It seems that the only way to add subsets is to create a dataset loading script. I’ve created one.
Here is the fragment, maybe it will be useful for someone:
import datasets
import pyarrow.parquet as pq
_CITATION = ''
_DESCRIPTION = ''
_HOMEPAGE = ''
_LICENSE = ''
_BASE_URL = 'https://huggingface.co/datasets/AresEkb/prof_standards_sbert_large_mt_nlu_ru/resolve/main/'
_FEATURES = {
'domains': datasets.Features({
'reg_number': datasets.Value('string'),
'standard_name': datasets.Value('string'),
'name': datasets.Value('string'),
'purpose': datasets.Value('string'),
'embeddings': datasets.Sequence(datasets.Value('float32')),
}),
'generalized_functions': datasets.Features({
'generalized_function_id': datasets.Value('string'),
'reg_number': datasets.Value('string'),
'name': datasets.Value('string'),
'embeddings': datasets.Sequence(datasets.Value('float32')),
}),
}
class ProfStandardsDatasetBuilder(datasets.ArrowBasedBuilder):
VERSION = datasets.Version('0.0.1')
BUILDER_CONFIGS = [
datasets.BuilderConfig('domains', VERSION),
datasets.BuilderConfig('generalized_functions', VERSION),
]
DEFAULT_CONFIG_NAME = 'domains'
def _info(self):
return datasets.DatasetInfo(
description=_DESCRIPTION,
features=_FEATURES[self.config.name],
homepage=_HOMEPAGE,
license=_LICENSE,
citation=_CITATION,
)
def _split_generators(self, dl_manager):
url = _BASE_URL + self.config.name + '.parquet'
file_path = dl_manager.download_and_extract(url)
return [
datasets.SplitGenerator(
name=datasets.Split.TRAIN,
gen_kwargs={'file_path': file_path},
),
]
def _generate_tables(self, file_path):
yield 0, pq.read_table(file_path)
Just store your datasets in parquet format:
domains_dataset.to_parquet('domains.parquet')
And upload it manually to your repository.

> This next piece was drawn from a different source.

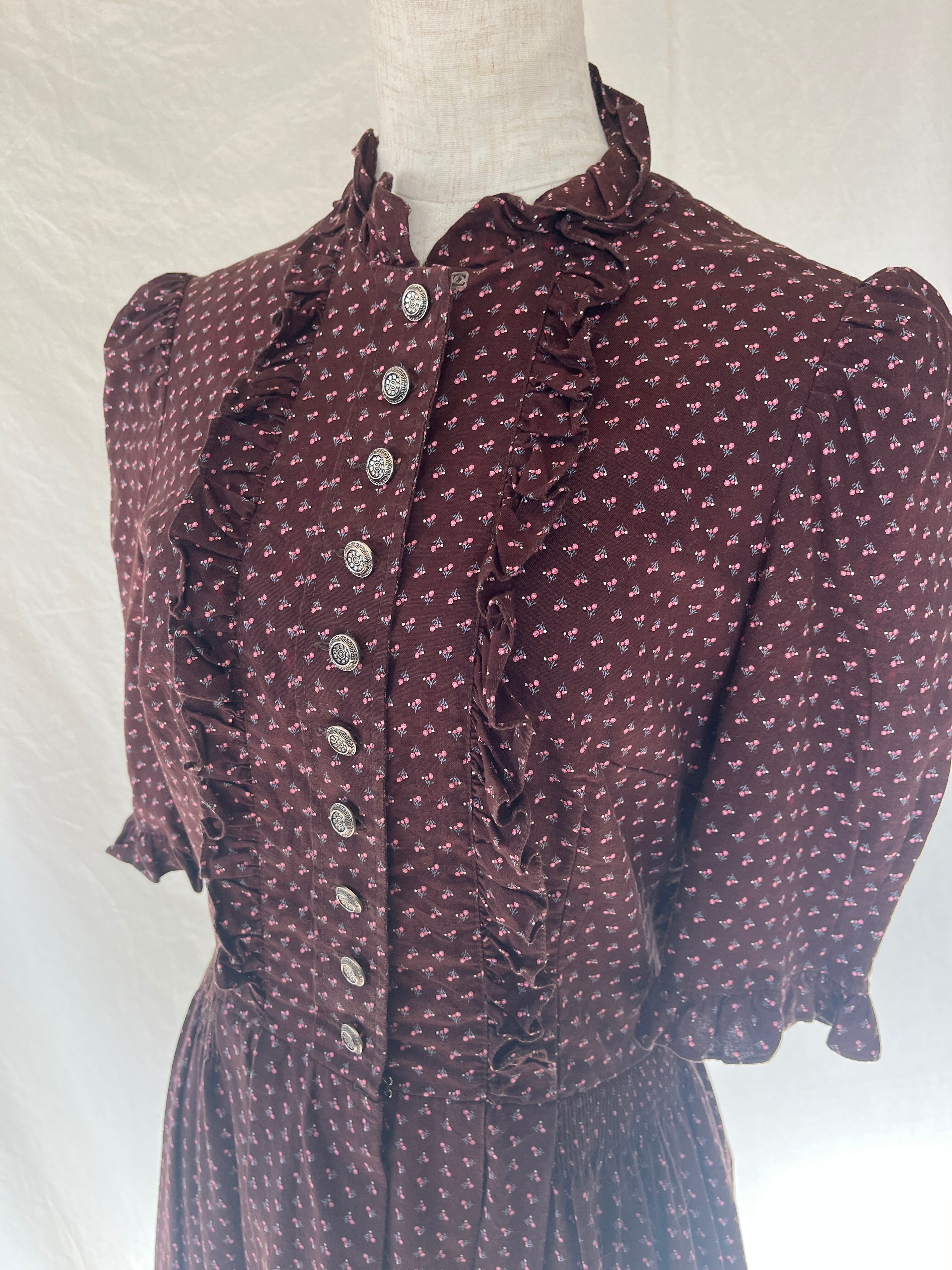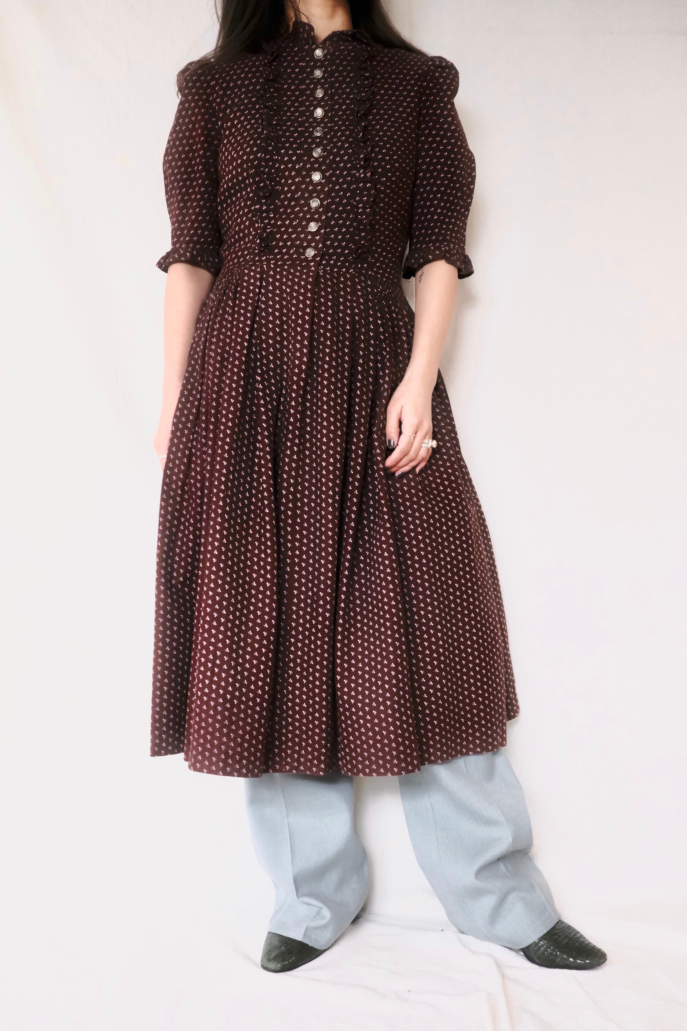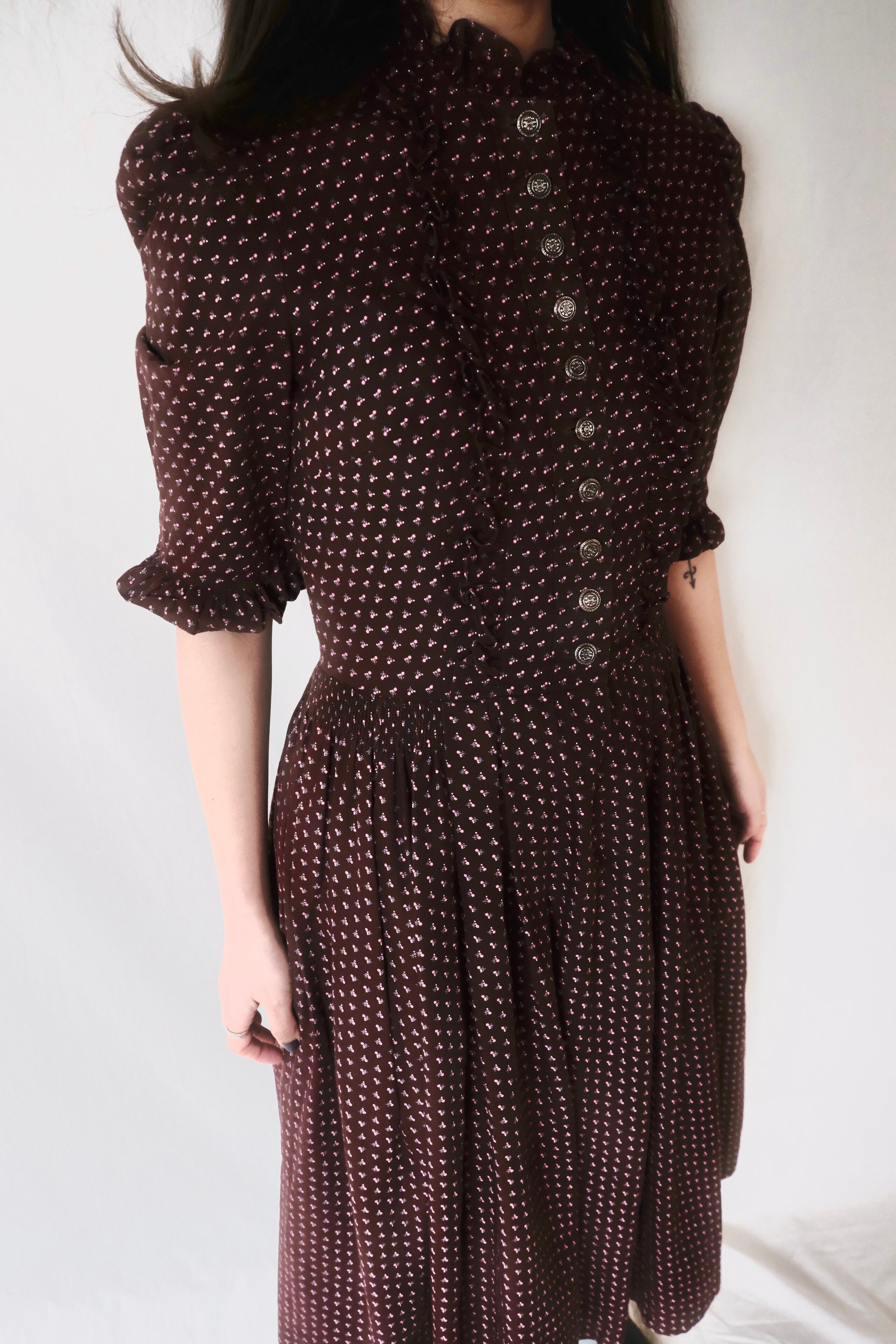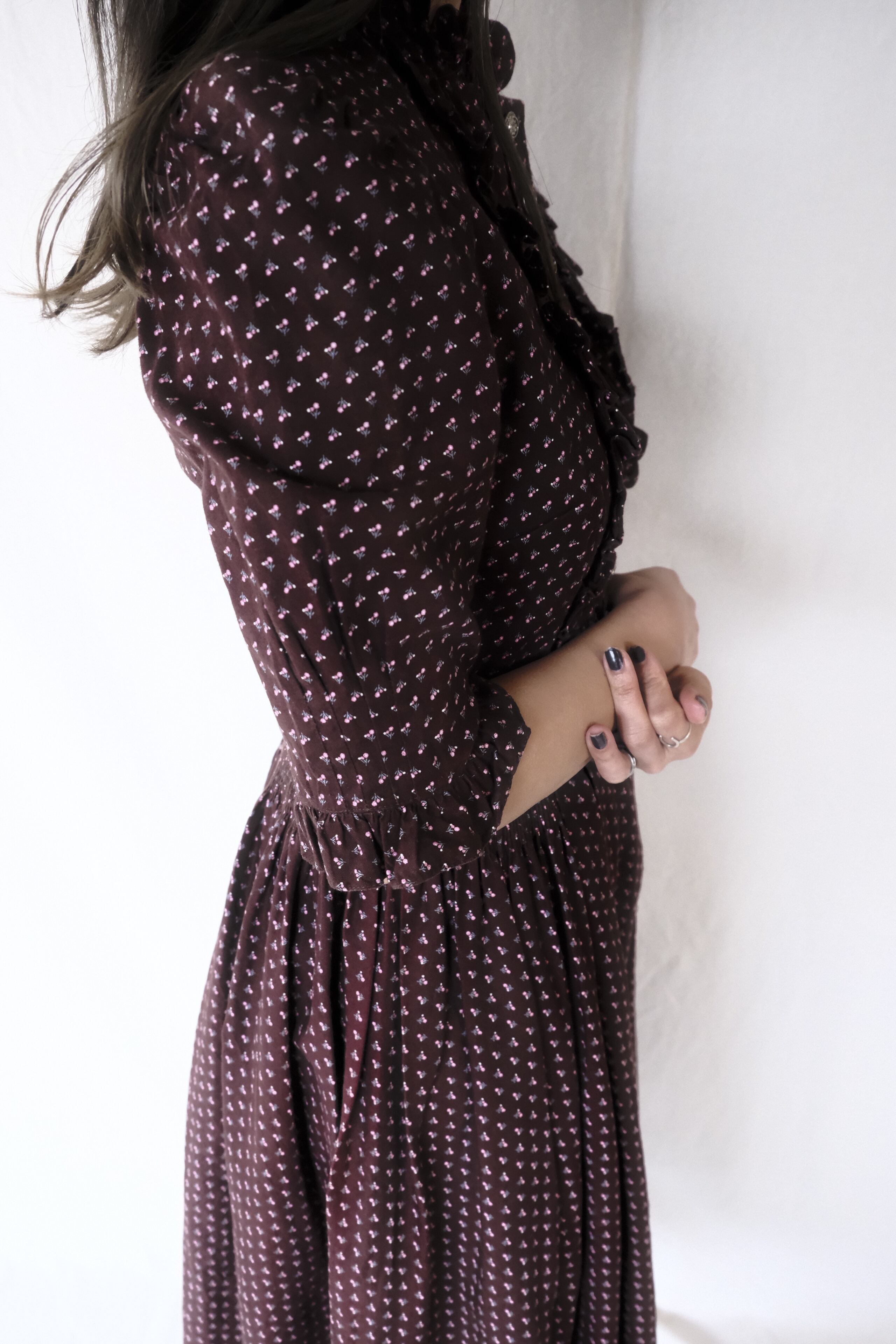 ブラウンにピンクの小花柄でロマンティックな雰囲気たっぷりの一着。

It was not very hard, but I’m lost in documentation
Some things to note:
-
Dataset loading script shoud have the same name as the repository. For example, prof_standards_sbert_large_mt_nlu_ru.py
-
It’s better to use underscores in dataset names. Actually there are dash-named repositories on the hub, and they seem to work. But I had problems with dashes.
-
You can use the following command to test your script locally:
datasets-cli test prof_standards_sbert_large_mt_nlu_ru.py --save_infos --all_configs
And to generate dataset_info
for README.md. However I don’t know whether dataset_info
is required.
- You can use the following command to test your repository:
datasets-cli test 'AresEkb/prof_standards_sbert_large_mt_nlu_ru' --save_infos --all_configs
- Dataset card isn’t updated immediately